I have a list of words, fairly small about 1000 or so. I want to check if any of the words in that list occur in an input text. If so I would like know which ones occur. The input text is a few hundred words each and these are text paragraphs from the web - meaning there a lot of them from different sites. I am trying to find the best algorithm for it.
I can see two obvious ways to do this --
A brute force way of searching for each word from the list in the text.
Create a hash table of words from the input text and then search for each word from the list in the hash table. This is fast.
Is there a better solution?
I am using python though I am not sure if that changes the algorithm anyway.
Also as an optimization to the solution 2 above, I would like to store the hash table generated to persistent storage (DB) so that if the list of words changes I can re-use the hash table without having to create it again. Of course if the input text changes I have to generate the hash table. Is it possible to save a hash table to a DB? Any recommendations? I am currently using MongoDB for my project and I can only store json documents in it. I am a new to MongoDB and have only just started working with it and still do not fully understand the full potential of it.
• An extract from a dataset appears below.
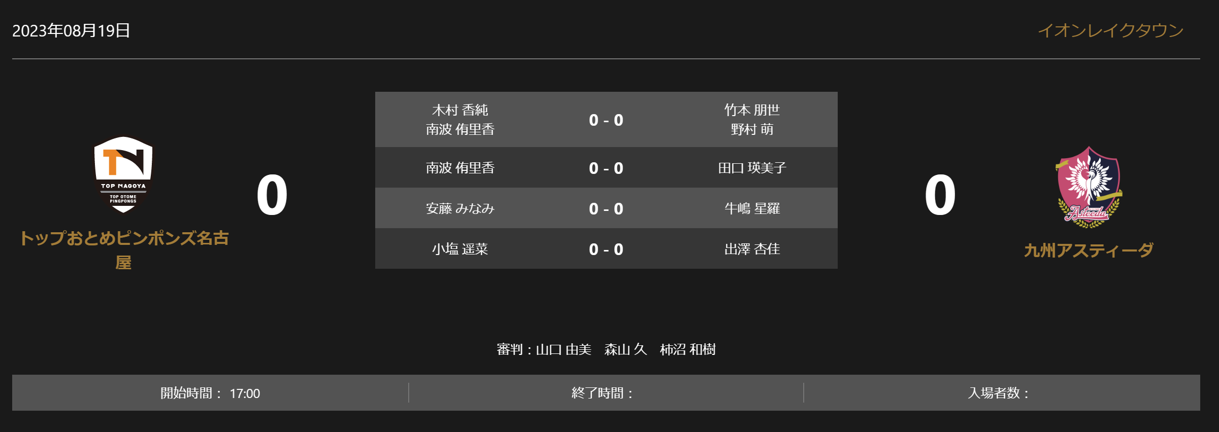 ノジマTリーグ 2023-2024シーズン 公式戦 8月19日 開催 トップおとめピンポンズ名古屋 vs 九州アスティーダ 対戦オーダー発表

I have searched SO and see two questions along similar lines and one of them suggests a hash table but I would like to get any pointers towards the optimization I have in mind.
Here are the previously asked questions on SO -
Is there an efficient algorithm to perform inverted full text search?
Searching a large list of words in another large list
EDIT: I just found another question on SO which is about the same problem.
Algorithm for multiple word matching in text
I guess there is no better solution than a hash table. But I would really like to optimize it so that changes to the word list can let me run the algorithm on all the text I have stored up quickly. Should I change the tags added to the question to also include some database technologies?